Tomas works to build a light existence. He divorces his wife and stops seeing his child, alienating himself from his parents in the process. He assembles a roster of mistresses, ensuring that he never nears love. Yet, with all this effort to cultivate lightness, Tomas is enamored with Tereza after spending just one hour with her. When she leaves him, he relishes in the “sweet lightness of being” for just a matter of days before deciding to chase her (29). Teresa too, is drawn back to Tomas each time she tries to leave him. Kundera concludes that humans reject the idea that love can be weightless.
Tomas and Tereza’s heaviness is but one type. Kundera believes that there are four types of heaviness that we lust after. He describes them in terms of eyes.
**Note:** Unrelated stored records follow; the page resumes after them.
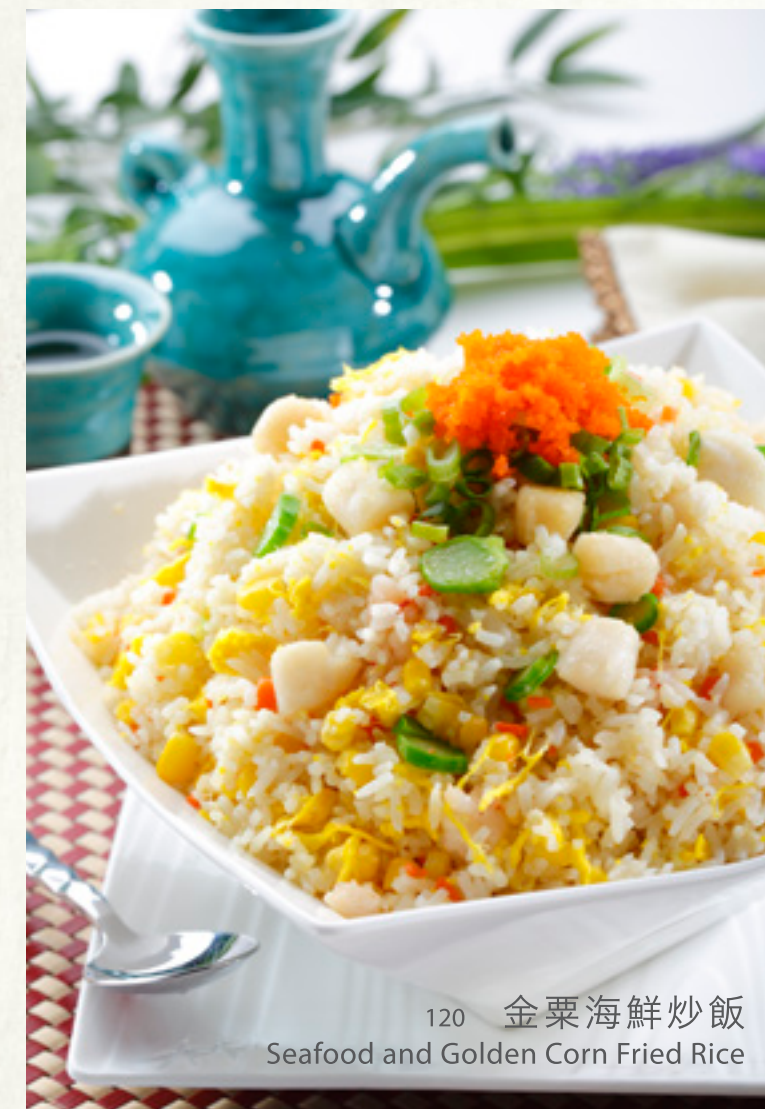
120 金粟海鮮炒飯 Seafood and Golden Corn Fried Rice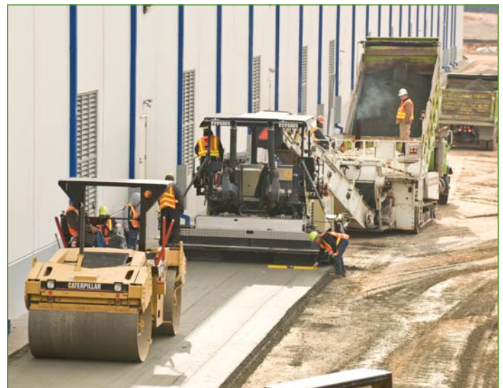
RCC paving train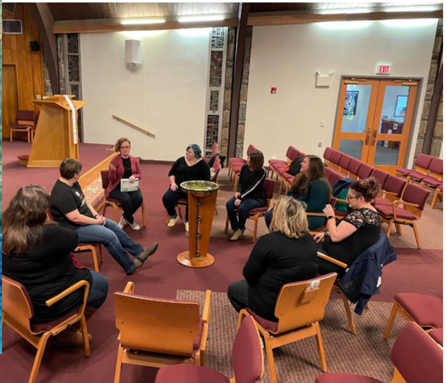
Board members gather for worship during their November retreat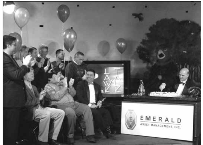
Martelli brought out the tuxedos, balloons and cake for the 10th anniversary show in January of 2006. The episode featured a parade of guests from the past 10 years.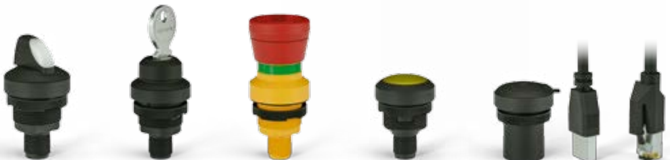
RAMO S Selector switch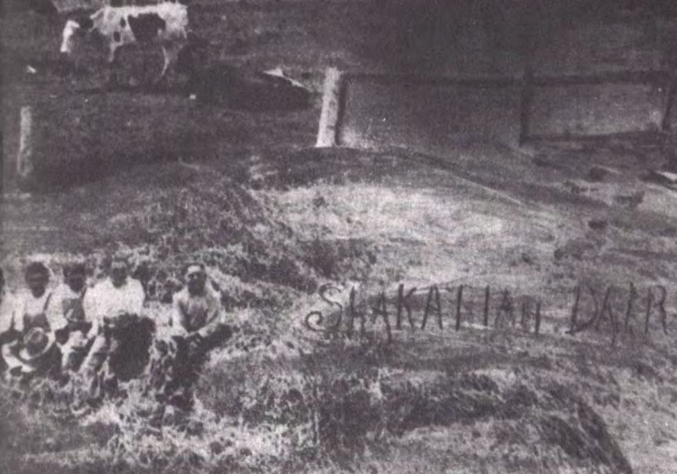
Below: Store in the front, cows in the back 1955. This shows only one of the four drive-in units which dispenses 6,750 gallons of milk daily, to their 20,000 customers, besides the cottage cheese and ice cream and other products. All four of the units are closed Sundays.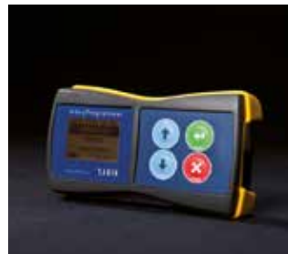
Sabik Easy Programmer User friendly and compact wireless two way programmer.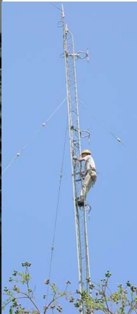
Brice on WQRZ-LP tower

tower was 3 feet underwater but we were still on the air.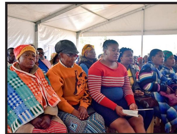
Community members of Sterkspruit who attended the Imbizo.

Tomas and Tereza need to be constantly watched by the person they love. Others need an infinite number of anonymous eyes to watch them. This is the plight of the performer. Yet others seek to be watched by many known eyes. These are the social butterflies and extroverts. Finally, there are those that need to be seen by imaginary viewers that they believe to be present. These people craft eyes that simply do not care, or do not exist. Kundera’s characters fall neatly into these four categories.
Thus, somehow, we all hate lightness and need eyes grounding us. Yet, is this lightness really so unbearable?
Many of my decisions and passions would seem to lust after lightness. I chose to spend a year away from my home university, craving the freedoms of a new environment and leaving the burden of responsibilities and jobs in New York. I spend as much time outdoors as I can because I feel the happiest when my phone is useless and all I see around me are snow-capped peaks or calm waters.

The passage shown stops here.